The district had its own bank, hospitals, hotel, law firms, grocery stores, socialites and millionaires. Balbuena's research reveals they had building Black wealth down to a science.

"Their dollar stayed in their community. If they needed a dress, they went to their Black tailor to make it. If they needed their car repaired, they went to their Black mechanic to do it," Balbuena said.

The phrase "community" was so valued that if a Greenwood resident's home burned down, it was rebuilt.

Cora Studstill-Perry of Greater Antioch Missionary Baptist Church trustee board chairperson
Cora Studstill-Perry explains the importance of the play "Black Wall Street."

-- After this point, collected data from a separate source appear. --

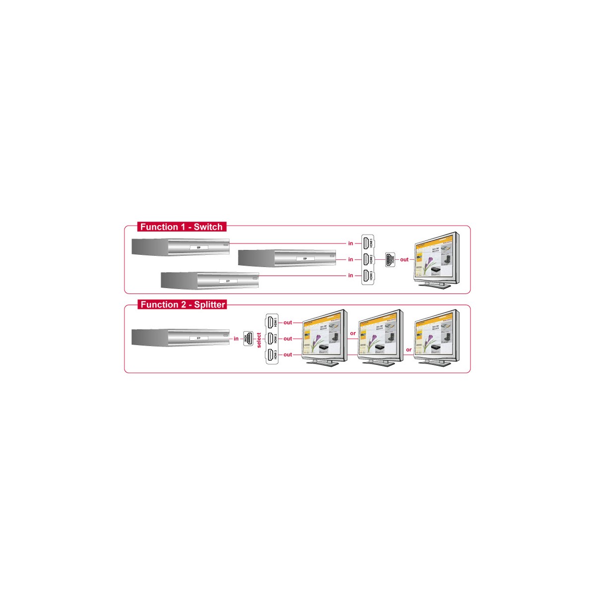 This HDMI switch by Delock is a manual bidirectional switch for connecting different devices with HDMI port. This switch offers two different applications.
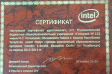 20 ноября 2013г. гимназии №102 был присвоен статус "Центра компетенций образовательных программ Intel" на период 2013-2014гг.
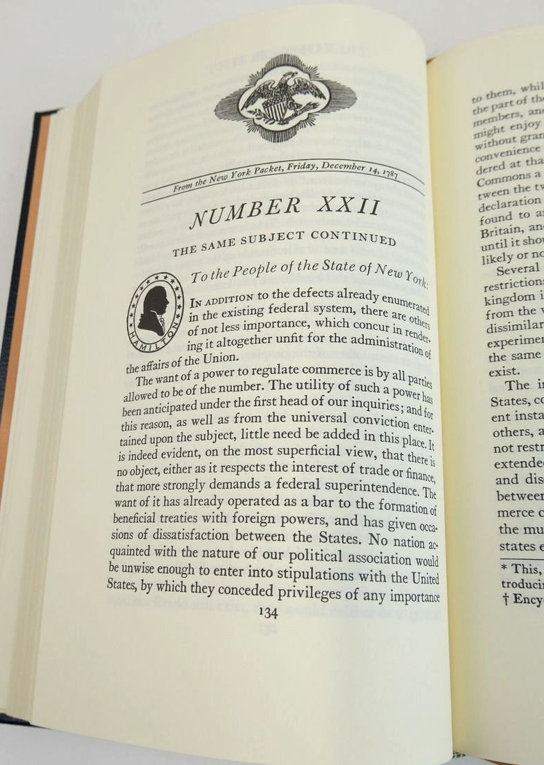 Nearly fine condition. Introduced by Carl van Doren. Papers by Hamilton, Madison & Jay. Collector's edition. Bound in genuine leather. Navy blue leather boards with 4 raised bands to spine, gilt title to spine, gilt tooling to boards. Peach coloured moire endpapers and matching ribbon page marker. Colour frontis. All edges gilt. xxii and 600 pages including index.
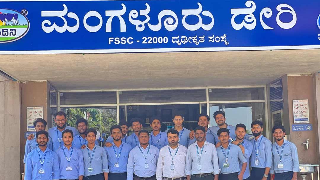 The visit aimed to bridge the gap between academic learning and industry practices by providing insights into milk processing, automation, quality control, supply chain management, and the cooperative model of KMF. Students observed key dairy processing techniques such as pasteurization, homogenization, and packaging, along with modern automation and hygiene standards essential for maintaining product quality.
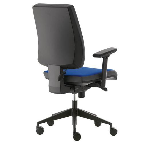 Modern irodai szék, helyes ergonómiai ülést biztosító háttámla mechanikával, minőségi kárpitozással, hideghab töltéssel. Az irodai szék ötágú nejlon csillagtalpon áll, puha padlófelületre alkalmas görgőkkel. A számítógépekhez való szék előnye az ülés magasságának és dőlésszögének kényelmes állítása.
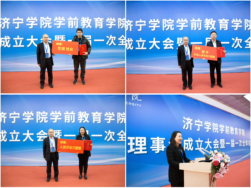 随后,夏可树主持理事单位捐赠仪式。他宣读捐赠项目:兖州区高阳书法培训学校捐赠空调10台,兖州区锦未来教育集团捐赠人民币5万元,优秀校友代表郝文林捐赠价值10万元图书。兖州区锦未来教育集团董事长曹洪艳代表18家理事单位发表讲话。
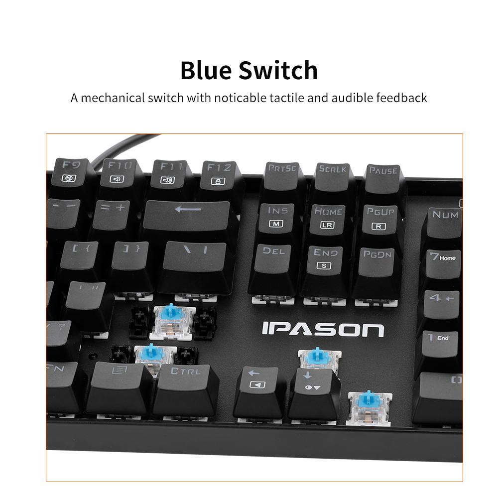 IPASON Mechanical Keyboard is designed for game player. 104 N-key rolloverkey with backlit gives you ultimate game experience. Mechanical blue switchbrings quick response and let you enjoy smooth game playing. Features: Mechanical Blue Switch To
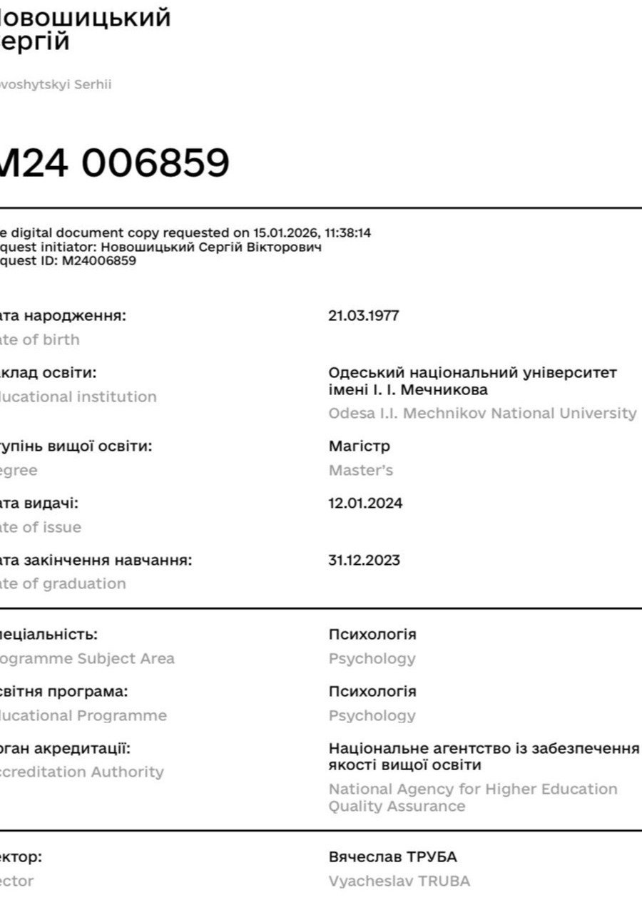 Добре працює із запитами дитячо-батьківські стосунки, тривога, неврози, сімейні конфлікти (нерозуміння, розставання, зради), незадовільні стосунки з рідними та близькими людьми. Сергій, як людина, уважний, вдумливий, відповідальний та надійний. Як психолог – професійний та талановитий. Психологія – його покликання .
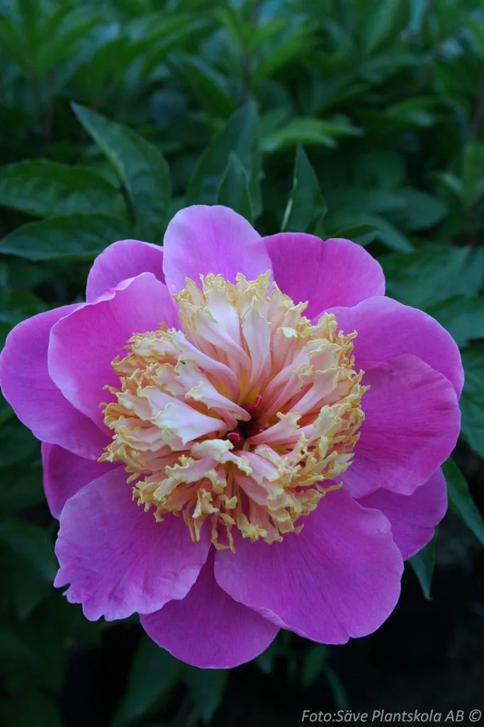 Väldoftande, rosaröda, halvfyllda blommor. Föredrar att stå länge på samma växtplats, då den tar tid på sig att etablera. Fin till snitt.
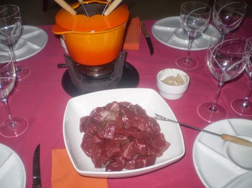 Pour la fondue faire chauffer votre huile avec le thym et le laurier dans un caquelon au début sur le gaz puis quand vos invités sont à table vous pouvez le mettre sur le réchaud en enlevant le thym et le laurier.
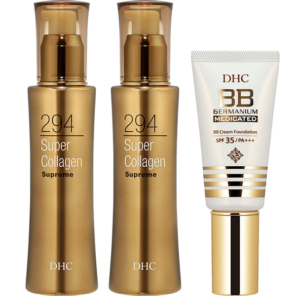 画期的成分「DHCスーパーコラーゲン」を最高濃度※1294倍※2配合した人気のDHCスーパーコラーゲン スプリームと、薬用美白有効成分を新配合したDHC薬用BBクリーム GEのセットです。

"In less than two weeks," she said.

It was a nice blueprint for one group, but history also reveals resentment from less prosperous whites, and the KKK grew.

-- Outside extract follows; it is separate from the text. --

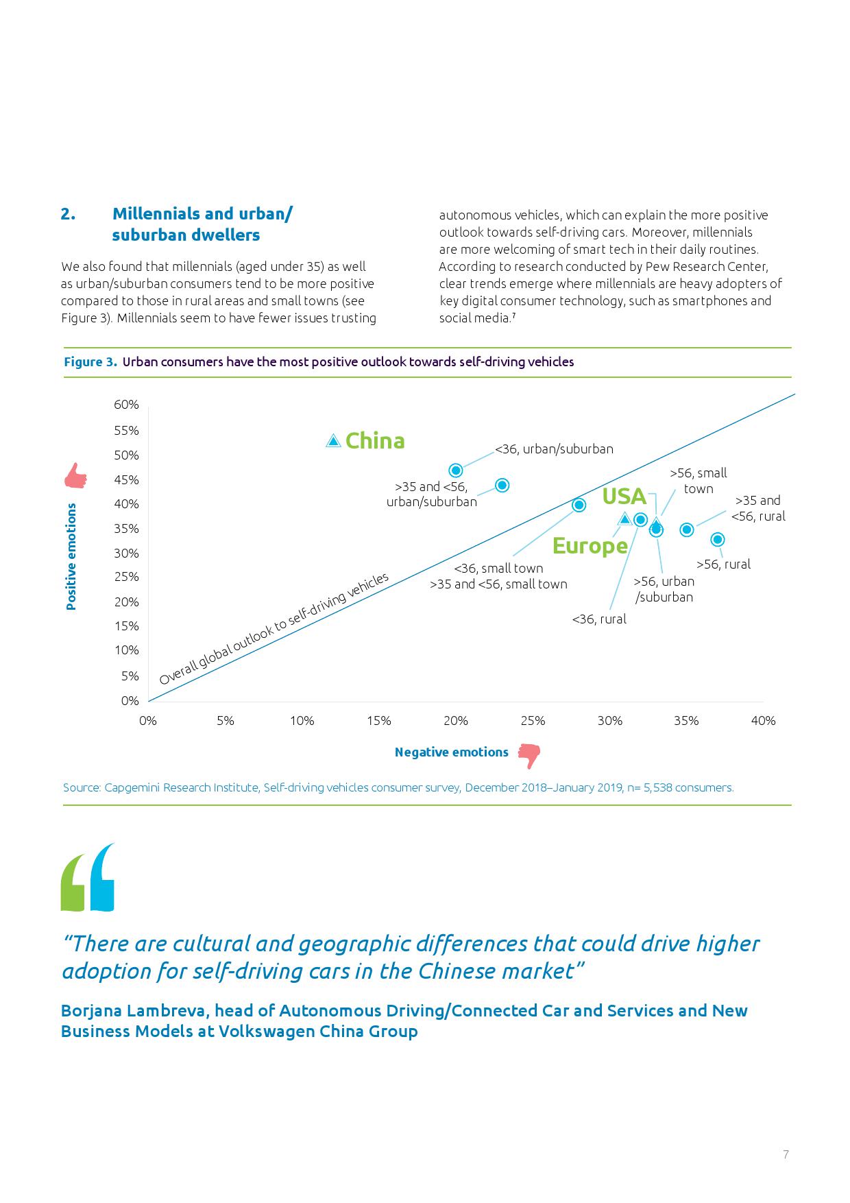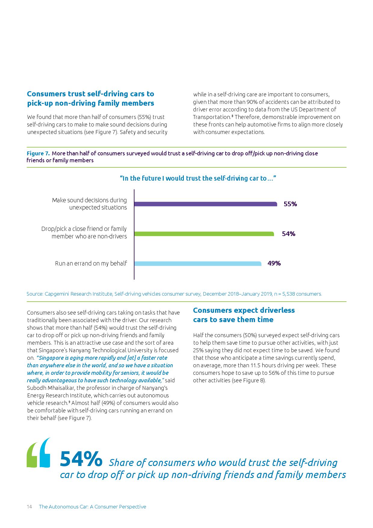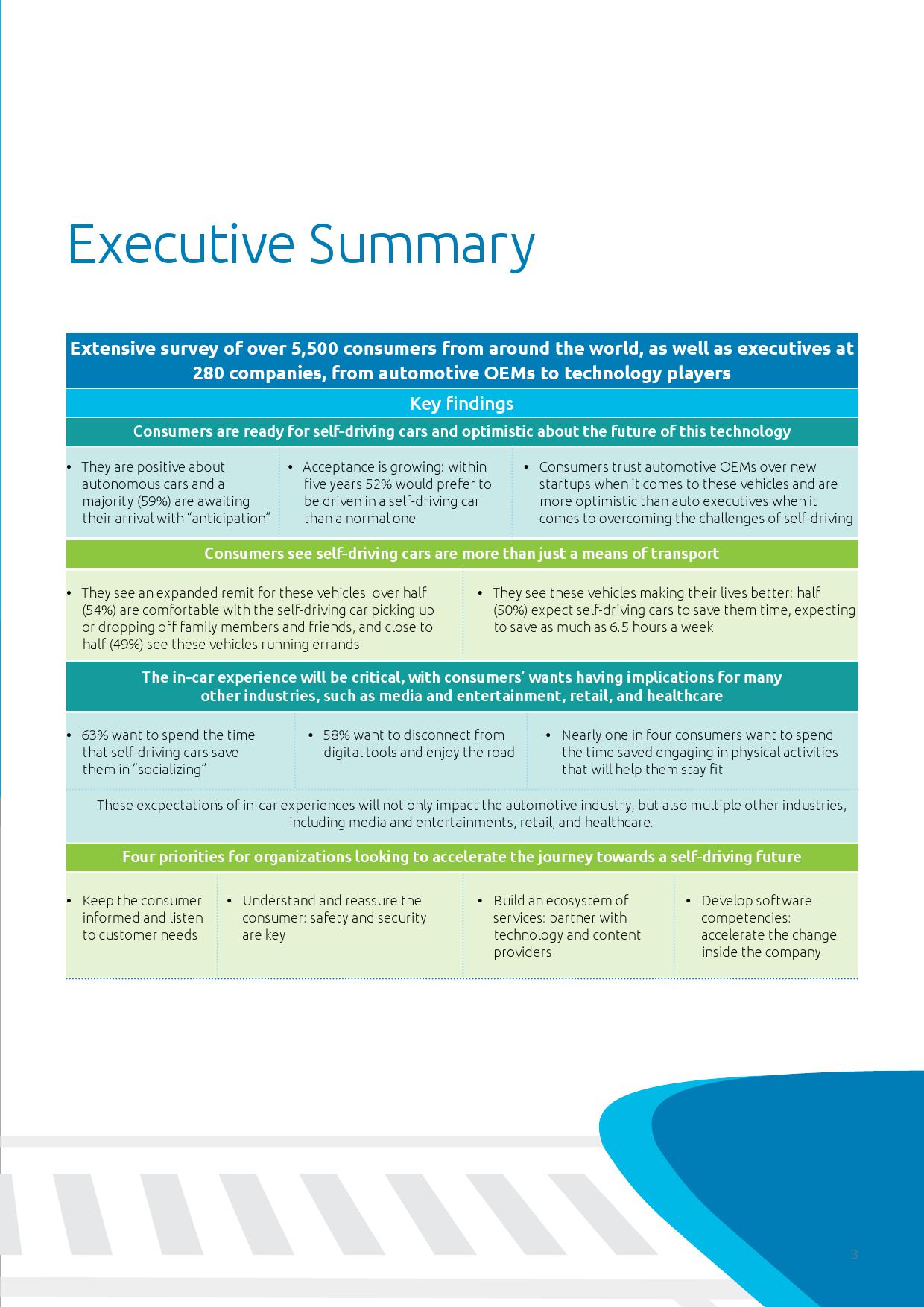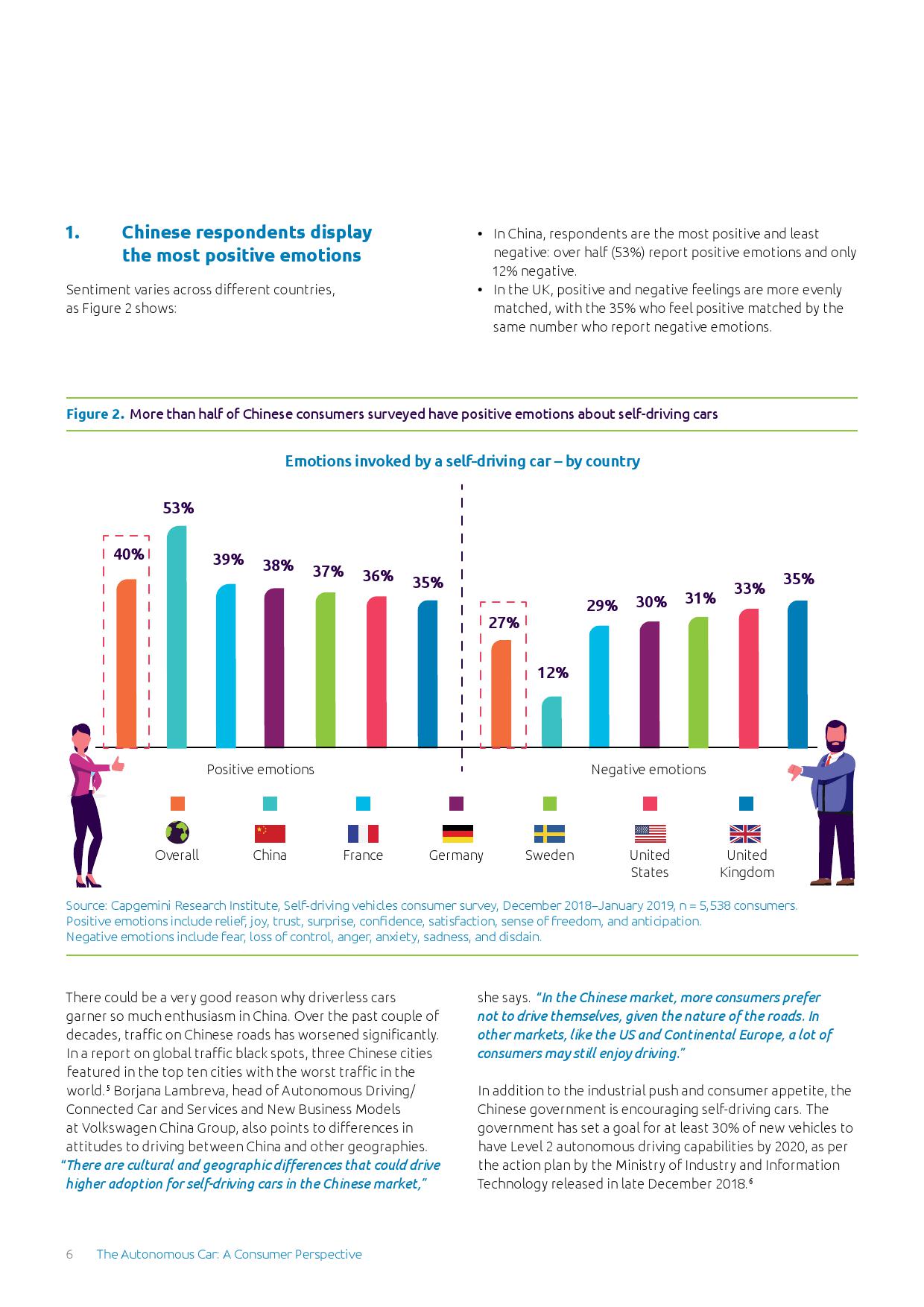 Capgemini全球汽车业务负责人 Markus Winkler :”我们的报告显示,潜在自动化驾驶汽车用户对这一产品持有非常乐观和兴奋的态度。到目前为止,多数讨论都集中在无人驾驶汽车的技术发展上。因此乘客们看到该技术带来的潜在好处,并产生共鸣。这极大地鼓舞了我们。客户对车内体验的期望不仅影响汽车行业,还会影响媒体、娱乐、零售、医疗等其他行业,从而为大量的行业协作业务机会铺平道路。不过,目前仍然存在一定的不确定性和担忧。汽车厂商在市场推广自动化驾驶汽车时,必须考虑到未来客户的期望和担忧,同时将自己的业务从产品导向转为服务和客户导向。”

"There was jealousy brewing," Balbuena said.

But instead of focusing on the destruction, her play "Black Wall Street" focuses on the district's success.

"I didn't want to do a documentary," she said. "My motto is, 'I aspire to inspire before I expire.'"

Performed first in 2017, "Black Wall Street" goes beyond the arrest of shoeshiner Dick Rowland, who tripped getting out of an elevator and grabbed the arm of a white elevator operator to catch his balance. He was charged and arrested with assault.

On May 31, while Rowland was in jail, a white mob surrounded it and was later met by approximately 75 black men who showed up to defend Rowland's honor. Shots were fired and 12 people were killed -- 10 white and two Black. What followed was the destruction of Greenwood by air and by ground.

"This was a time when white America realized Black America was gaining wealth, and the only way to stop it was to destroy it," Balbuena said.

"Black Wall Street" has a cast of 40 people that's traveled to Tampa and other parts of Florida sharing the story of Greenwood's people -- the millionaires, the founders and the socialites who only bought their clothes in Paris.

The play has also traveled to civic organizations and churches.

"This is our history. If it's not shared, and if it's not told, it never happened," said Cora Studstill-Perry, Greater Antioch Missionary Baptist Church trustee board chairperson.

"An education is something that no one can take from you, so the more I put in, the better I make me," Balbuena added.

Balbuena's company Creative Touches Productions, LLC wants to get "Black Wall Street" back on the road now that COVID-19 restrictions have decreased. She also wants to open to performances on request.